* About this task: Give back all of the data exactly, with every picture omitted.

* Data provided:
_ _ _ _ _ _ _
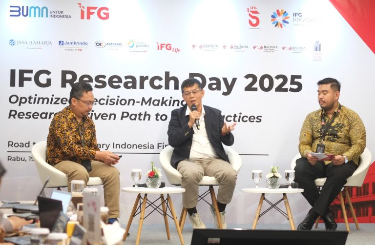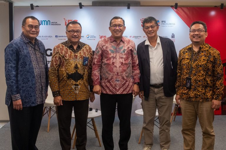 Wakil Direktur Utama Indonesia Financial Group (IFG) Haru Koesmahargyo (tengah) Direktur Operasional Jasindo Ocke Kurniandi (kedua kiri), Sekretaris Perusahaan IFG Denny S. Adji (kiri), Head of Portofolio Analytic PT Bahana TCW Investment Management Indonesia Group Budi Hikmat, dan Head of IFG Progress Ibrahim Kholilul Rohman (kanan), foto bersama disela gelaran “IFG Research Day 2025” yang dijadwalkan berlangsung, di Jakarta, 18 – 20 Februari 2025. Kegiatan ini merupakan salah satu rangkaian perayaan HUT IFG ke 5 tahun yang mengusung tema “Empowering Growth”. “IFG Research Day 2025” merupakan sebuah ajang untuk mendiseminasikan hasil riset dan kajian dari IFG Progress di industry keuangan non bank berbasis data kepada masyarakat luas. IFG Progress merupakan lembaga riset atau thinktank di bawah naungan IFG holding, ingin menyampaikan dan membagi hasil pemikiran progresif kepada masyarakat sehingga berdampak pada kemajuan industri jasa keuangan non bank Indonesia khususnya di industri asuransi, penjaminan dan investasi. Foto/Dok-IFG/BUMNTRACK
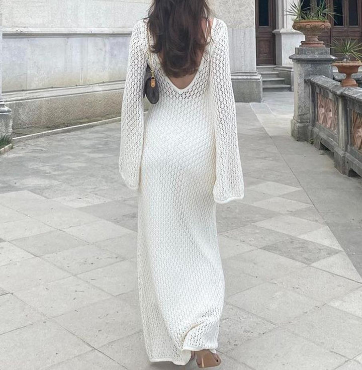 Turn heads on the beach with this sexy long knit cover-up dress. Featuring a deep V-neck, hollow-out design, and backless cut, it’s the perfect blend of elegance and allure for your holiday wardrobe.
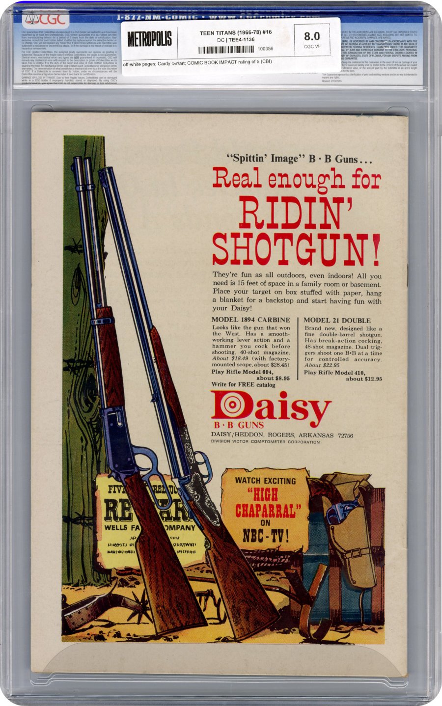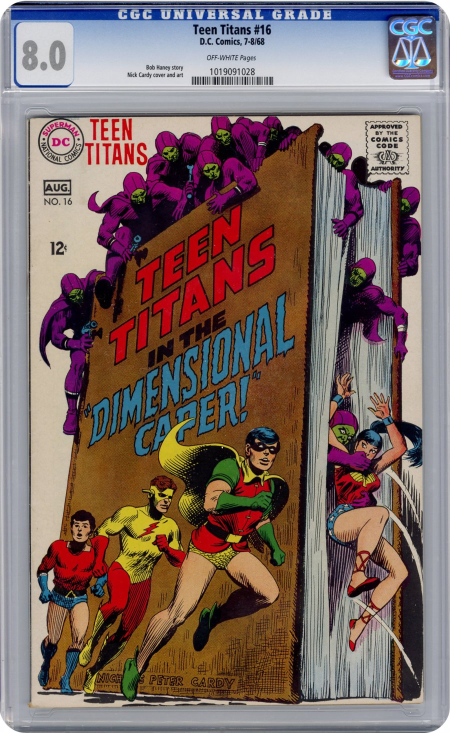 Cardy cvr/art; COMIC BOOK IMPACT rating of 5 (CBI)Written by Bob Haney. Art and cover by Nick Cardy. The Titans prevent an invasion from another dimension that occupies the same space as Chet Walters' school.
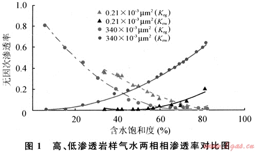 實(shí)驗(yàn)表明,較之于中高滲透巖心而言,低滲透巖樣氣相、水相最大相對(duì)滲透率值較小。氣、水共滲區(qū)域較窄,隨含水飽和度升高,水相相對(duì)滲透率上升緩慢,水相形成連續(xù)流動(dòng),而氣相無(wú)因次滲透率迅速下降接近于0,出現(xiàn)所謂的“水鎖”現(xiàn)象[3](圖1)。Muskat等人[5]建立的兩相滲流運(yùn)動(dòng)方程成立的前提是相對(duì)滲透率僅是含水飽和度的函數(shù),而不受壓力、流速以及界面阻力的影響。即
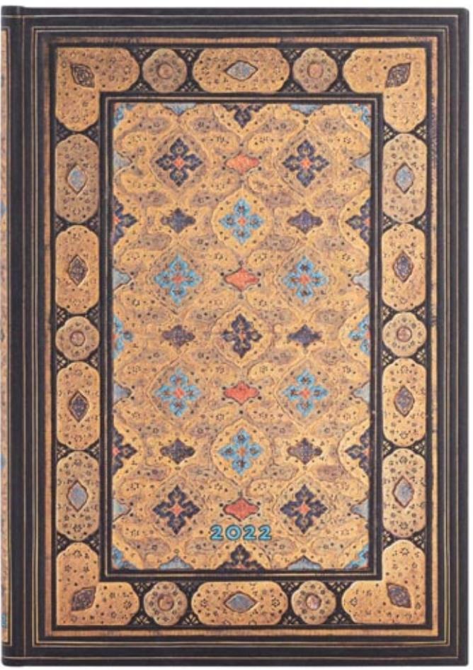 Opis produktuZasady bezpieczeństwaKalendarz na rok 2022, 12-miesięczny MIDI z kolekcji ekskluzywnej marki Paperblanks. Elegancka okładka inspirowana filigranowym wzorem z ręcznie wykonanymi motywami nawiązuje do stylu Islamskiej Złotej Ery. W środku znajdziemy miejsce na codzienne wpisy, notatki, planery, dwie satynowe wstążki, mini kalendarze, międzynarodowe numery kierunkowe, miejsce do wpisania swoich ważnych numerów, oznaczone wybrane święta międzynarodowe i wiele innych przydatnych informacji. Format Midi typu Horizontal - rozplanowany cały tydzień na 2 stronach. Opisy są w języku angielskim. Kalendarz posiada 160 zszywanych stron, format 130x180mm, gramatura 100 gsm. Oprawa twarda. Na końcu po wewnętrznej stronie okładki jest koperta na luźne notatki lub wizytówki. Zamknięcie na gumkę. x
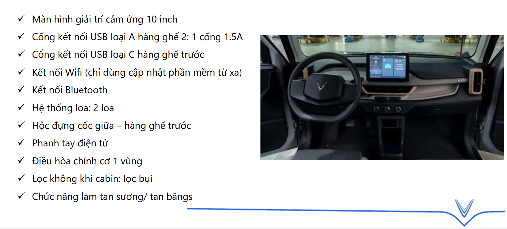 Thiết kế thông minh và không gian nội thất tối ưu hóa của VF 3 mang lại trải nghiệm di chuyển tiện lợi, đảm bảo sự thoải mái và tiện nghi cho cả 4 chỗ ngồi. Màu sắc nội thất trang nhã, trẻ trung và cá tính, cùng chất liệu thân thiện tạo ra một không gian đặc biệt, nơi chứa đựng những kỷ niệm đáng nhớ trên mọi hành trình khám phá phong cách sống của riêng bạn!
_ _ _ _ _ _ _
* Answer area:
 Wakil Direktur Utama Indonesia Financial Group (IFG) Haru Koesmahargyo (tengah) Direktur Operasional Jasindo Ocke Kurniandi (kedua kiri), Sekretaris Perusahaan IFG Denny S. Adji (kiri), Head of Portofolio Analytic PT Bahana TCW Investment Management Indonesia Group Budi Hikmat, dan Head of IFG Progress Ibrahim Kholilul Rohman (kanan), foto bersama disela gelaran “IFG Research Day 2025” yang dijadwalkan berlangsung, di Jakarta, 18 – 20 Februari 2025. Kegiatan ini merupakan salah satu rangkaian perayaan HUT IFG ke 5 tahun yang mengusung tema “Empowering Growth”. “IFG Research Day 2025” merupakan sebuah ajang untuk mendiseminasikan hasil riset dan kajian dari IFG Progress di industry keuangan non bank berbasis data kepada masyarakat luas. IFG Progress merupakan lembaga riset atau thinktank di bawah naungan IFG holding, ingin menyampaikan dan membagi hasil pemikiran progresif kepada masyarakat sehingga berdampak pada kemajuan industri jasa keuangan non bank Indonesia khususnya di industri asuransi, penjaminan dan investasi. Foto/Dok-IFG/BUMNTRACK
 Turn heads on the beach with this sexy long knit cover-up dress. Featuring a deep V-neck, hollow-out design, and backless cut, it’s the perfect blend of elegance and allure for your holiday wardrobe.
 Cardy cvr/art; COMIC BOOK IMPACT rating of 5 (CBI)Written by Bob Haney. Art and cover by Nick Cardy. The Titans prevent an invasion from another dimension that occupies the same space as Chet Walters' school.
 實(shí)驗(yàn)表明,較之于中高滲透巖心而言,低滲透巖樣氣相、水相最大相對(duì)滲透率值較小。氣、水共滲區(qū)域較窄,隨含水飽和度升高,水相相對(duì)滲透率上升緩慢,水相形成連續(xù)流動(dòng),而氣相無(wú)因次滲透率迅速下降接近于0,出現(xiàn)所謂的“水鎖”現(xiàn)象[3](圖1)。Muskat等人[5]建立的兩相滲流運(yùn)動(dòng)方程成立的前提是相對(duì)滲透率僅是含水飽和度的函數(shù),而不受壓力、流速以及界面阻力的影響。即
 Opis produktuZasady bezpieczeństwaKalendarz na rok 2022, 12-miesięczny MIDI z kolekcji ekskluzywnej marki Paperblanks. Elegancka okładka inspirowana filigranowym wzorem z ręcznie wykonanymi motywami nawiązuje do stylu Islamskiej Złotej Ery. W środku znajdziemy miejsce na codzienne wpisy, notatki, planery, dwie satynowe wstążki, mini kalendarze, międzynarodowe numery kierunkowe, miejsce do wpisania swoich ważnych numerów, oznaczone wybrane święta międzynarodowe i wiele innych przydatnych informacji. Format Midi typu Horizontal - rozplanowany cały tydzień na 2 stronach. Opisy są w języku angielskim. Kalendarz posiada 160 zszywanych stron, format 130x180mm, gramatura 100 gsm. Oprawa twarda. Na końcu po wewnętrznej stronie okładki jest koperta na luźne notatki lub wizytówki. Zamknięcie na gumkę. x
 Thiết kế thông minh và không gian nội thất tối ưu hóa của VF 3 mang lại trải nghiệm di chuyển tiện lợi, đảm bảo sự thoải mái và tiện nghi cho cả 4 chỗ ngồi. Màu sắc nội thất trang nhã, trẻ trung và cá tính, cùng chất liệu thân thiện tạo ra một không gian đặc biệt, nơi chứa đựng những kỷ niệm đáng nhớ trên mọi hành trình khám phá phong cách sống của riêng bạn!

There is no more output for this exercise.